The proposed model requires authors to score precisely their contribution but does not provide a framework for making decisions around the value brought by each co-author. The focus of ACI is on the reporting and dissemination of a quantitative, accumulative and comparable measure of their contributions, after authors have agreed on their percentage contributions. The way these contributions are calculated and agreed upon is likely to vary greatly from one paper to another and does not equate to ‘time spent working on the paper’. For example, tasks requiring specific skills or expertise that are essential to the realisation of the work may rank highly, despite not being the most time-consuming. This apparent subjectivity should, however, be put in perspective with that of existing ranking systems. In any ranking systems, the reader can only place faith in the authors’ good judgement and ethical practices. Authors are the best placed to judge contribution to their own work and must be given the freedom, flexibility and adaptability to choose the percentage contributions that they believe are the most appropriate on a case by case basis.

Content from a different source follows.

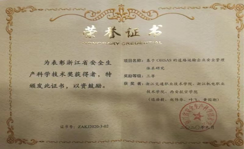 浙江省安全生产科学技术三等奖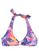 Low or high tide, this printed halter bikini top is on your side! Designed with supportive halter straps that tie in the back, this top is easily adjustable to best fit you. The timeless silhouette is universally flattering and features a bold print and sleek ring detail at the center of the bust for a sophisticated touch.

It is important to note that the issues of arbitrary decisions and unethical behaviour, which may often arise from power dynamics between co-authors (e.g. between senior and junior scientists), will not be immediately resolved by using ACI. However, because percentage contributions have to be ratified by every co-author, groups are compelled to collegially discuss and score their contribution prior to submission, something that usually does not happen. It is expected that the mere fact of openly discussing contribution will reduce unilateral decisions and help to obtain thoughtful and more accurate contribution scores. With increased transparency, both among co-authors and between authors and readers, ethically questionable behaviours may not disappear, but they will become less common and easier to detect and report.

Another crucial limitation of ACI lies in the fact that a critical mass of data is required for the proposed metric to reach its true potential. Yet, its implementation by a significant number of journals or publishers will take a long time, if it is adopted at all. To circumvent this limitation and also generate ACI data from past literature and papers published in journals that will not implement the index, we propose that reference list repositories such as ResearchGate ( researchgate.net ) or ORCID ( orcid.org ) could provide an option for authors to record their percentage contributions to their publications. Because these values may not be vetted by all co-authors (as opposed to percentage contributions provided at the time of submission), several levels of verification should be displayed for each paper. Percentage contributions could be considered as (1) unverified if only one co-author provides them, (2) partially verified if at least a second co-author confirms the numbers and (3) fully verified if all co-authors of a paper confirm the numbers. In addition, we suggest authors to provide percentage contributions in their mansucripts, even if these are not specifically requested by the journal they publish in.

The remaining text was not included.